However, note that these operations are not defined within the dataset configuration; these are specified in the training (self-energy, splitting, shifting COM) and potential (normalization) configuration TOML files.

Interacting with the Dataset Module
-----------------------------------

Here, we provide a brief overview of the :class:`~modelforge.dataset.DataModule` class. Note, users will typically interact with this portion of the code indirectly via the TOML configuration files. The :class:`~modelforge.dataset.DataModule` class handles preparing and setting up datasets for training. and is designed to integrate seamlessly with PyTorch Lightning, providing a user-friendly interface for dataset preparation and loading.

The following example demonstrates how to use the :class:`~modelforge.dataset.DataModule` class to prepare and set up a dataset for training, where the similarity to the TOML configuration file should be evident.

.. code-block:: python

    from modelforge.dataset import DataModule
    from modelforge.dataset.utils import RandomRecordSplittingStrategy

    dataset_name = "QM9"
    splitting_strategy = RandomRecordSplittingStrategy() # split randomly on system level
    batch_size = 64
    version_select = "latest" 
    remove_self_energies = True # remove the atomic self energies
    regression_ase = False      # use the atomic self energies provided by the dataset

    data_module = DataModule(
        name=dataset_name,
        properties_of_interest=["atomic_numbers", "positions", "internal_energy_at_0K"]
        properties_assignment={
            "E": "energy",
            "atomic_numbers": "atomic_numbers",
            "positions": "positions",
        },
        splitting_strategy=splitting_strategy,
        batch_size=batch_size,
        version_select=version_select,
        remove_self_energies=remove_self_energies,
        regression_ase=regression_ase,
        local_cache_dir="~/modelforge_run",
        dataset_cache_dir="~/modelforge_hdf5_files",
    )

    # Prepare the data (downloads, processes, and caches if necessary)
    data_module.prepare_data()

    # Setup the data for training, validation, and testing
    data_module.setup()

.. _dataset-configuration:


yaml Metadata File Structure
------------------------------------

The :class:`~modelforge.dataset.HDF5Dataset` class is designed to provide a generic class for loading in modelforge compatible HDF5 files.

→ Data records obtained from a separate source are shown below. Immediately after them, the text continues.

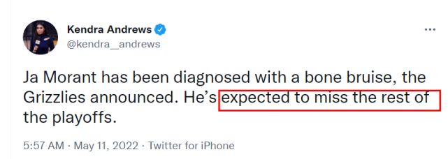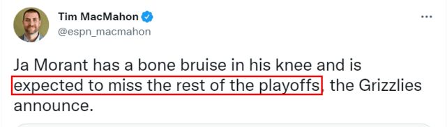 莫兰特在场边观看了双方G3的比赛,他并没有参加投篮训练,而且走路明显一瘸一拐。灰熊拖了很久才公布莫兰特的伤情,也引起不小的争议。NBA名记Tim MacMahon和Kendra Andrews都报道称,莫兰特预计赛季报销!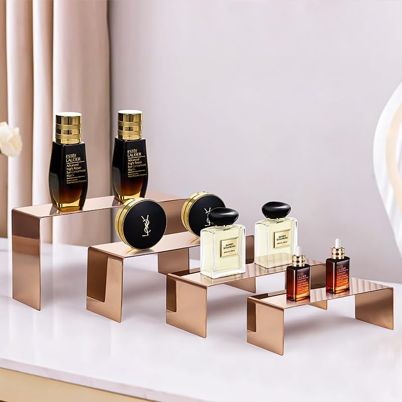 PROFIKLA 4 Pcs Stainless Steel Display Risers, Display Stand for Display Cupcake Dessert Perfume Purse Handbag Shoe and Funko Pop, Rose Gold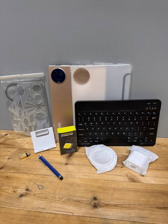 اقلام همراه: کیبورد بیسیم - موس بلوتوثی - چراغ led - قلم هوشمند- قاب و شارژر کامل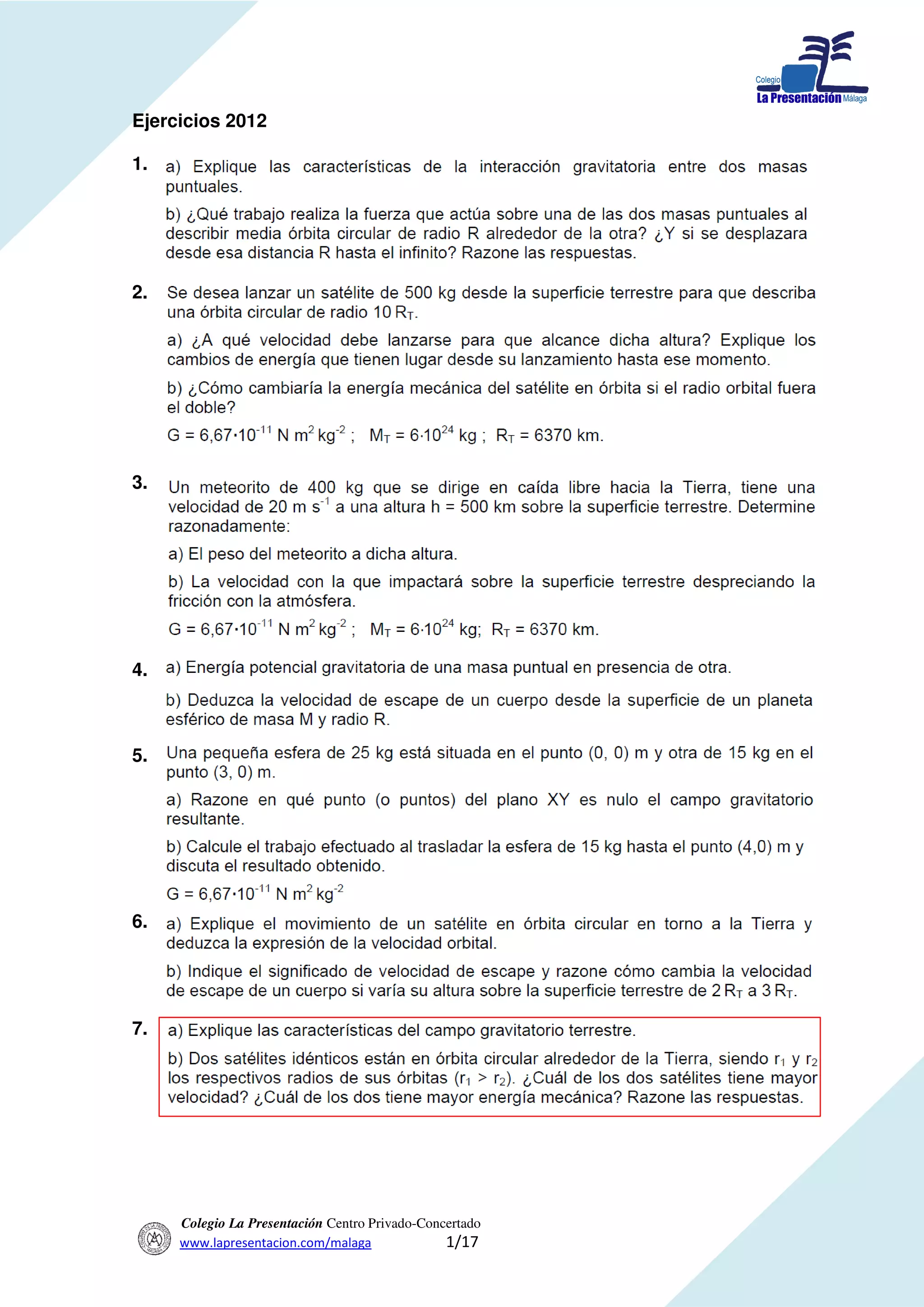 Relación de ejercicios realizados en gravitatorio - Profesor: David ...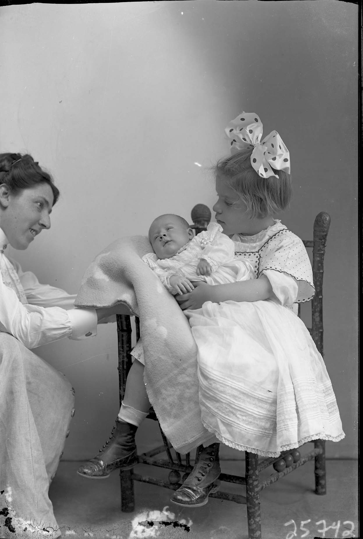 Unidentified young girl with a bow in her hair is seated and holding an unidentified baby in her arms.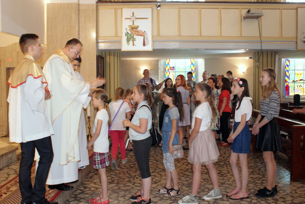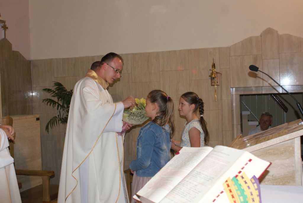 03.06.2016r. o godz. 18,30 przeżywaliśmy Mszę św., którą sprawował w asyście Proboszcza ks. kan. Jerzego Kordiaka i Wikariusza ks. Norberta Lasoty neoprezbiter ks. Łukasz Sławiński, który również wygłosił homilię na temat powołania kapłańskiego. Ks. Łukasz w 2014 roku odbywał jako Diakon półroczną praktykę duszpasterską w naszej parafii.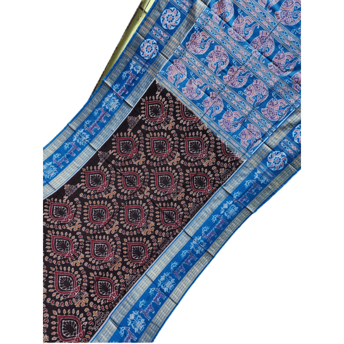 This is a Sambalpuri Saree crafted from fine handloom-made cotton fabric. With a Black and Maroon color body and a Blue color border with fish, deer, and tree carvings, this is elegant, light-weight, and will be perfect for festive wear and special occasions.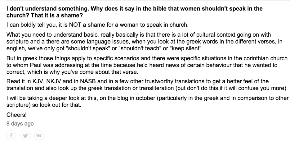 Just to let you know right away, that topic was just to lure most of you back here since we’ve been absent. The real deal is that someone asked on ask.fm about it being shameful for women to talk in church and although a short answer was provided there, we thought it best to look at the issue in more detail and context. Our real question today therefore is: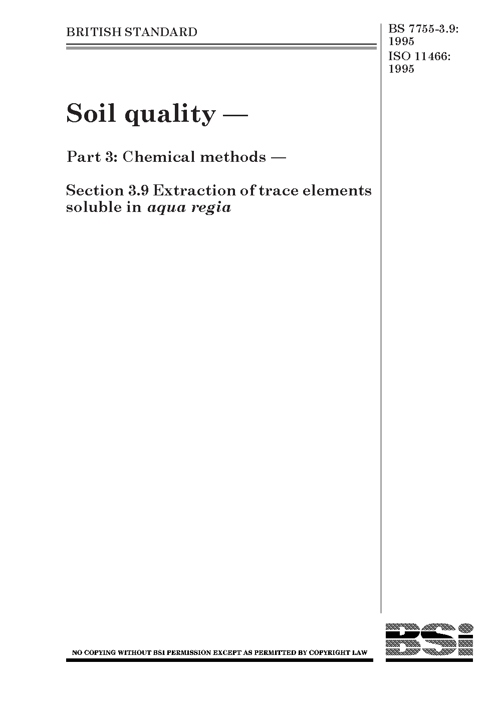 Soil quality. Chemical methods Extraction of trace elements soluble in aqua regia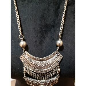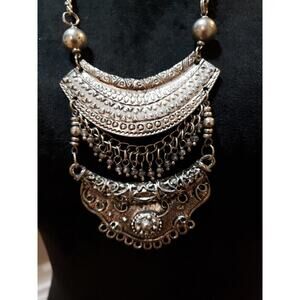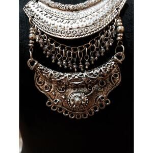 Women Silver Statement Bib Necklace Vintage Boho Layered Metal Chain Pendant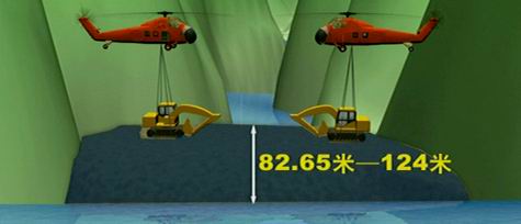 5月26日,央视网记者乘直升机从绵阳市飞往北川县唐家山堰塞湖,亲历唐家山堰塞湖抢险过程。 左上图:刚到堰塞湖的时候,这里还没有机械,全凭战士们用双手清理出一块块平地用来停放空运来的装备。 左下图:几名专家乘机来到现场察看地形,布置排险方案。

This relies upon reading in a YAML file which provide essential information about a given dataset, including the available versions, properties, and other relevant details, along with the downloard url used to fetch the dataset. These YAML metadata files are stored in the `~modelforge/dataset/yaml_files` directory for the datasets provided by modelforge.

Below is a fictional example of a metadata YAML to demonstrate the key fields which includes the dataset name, version, description, atomic self-energies, and available properties.

.. code-block:: yaml

    dataset: fictional_dataset_name
    latest: full_dataset_v1.1 # an alias for the lastest version of the full dataset
    latest_test: nc_1000_v1.1 # an alias for the lastest version of the 1000 configuration test dataset

    description: "A description of the dataset."

    atomic_self_energies:
      H: -1400.0 * kilojoule_per_mole
      C: -10000.0 * kilojoule_per_mole

    full_dataset_v1.1:
      about: "This provides a curated hdf5 file for the fictional dataset designed to be compatible
        with modelforge. This dataset contains 1234 unique records for 123456 total
        configurations."
      hdf5_schema: 2 # This specifies which modelforge HDF5 schema the version uses.
      available_properties: # list of properties keys available in the dataset
      - atomic_numbers
      - positions
      - dft_energy
      remote_dataset:
        doi: 10.1234/fictional_dataset.v1.1 # The DOI for the zenodo record of the dataset
        url: https://zenodo.org/records/record_id/files/fictional_dataset_v1.1.hdf5.gz # The URL to download the gzipped HDF5 file
        gz_data_file:
          file_name: fictional_dataset_v1.1.hdf5.gz #name of the gzipped file that will be saved locally
          length: 123456 # Length of the gzipped file in bytes, used for the progress bar
          md5: gzip_checksum_value # The MD5 checksum of the gzipped file, used to verify the integrity of the downloaded file
        hdf5_data_file:
          file_name: fictional_dataset_v1.1.hdf5 # The name of the HDF5 file that will be saved locally after unzipping
          md5: hdf5_checksum_value # The MD5 checksum of the HDF5 file, used to verify the integrity of the downloaded file

Note, HDF5 datafile stored on zenodo.org are stored as gzipped files to save space and bandwidth when downloading.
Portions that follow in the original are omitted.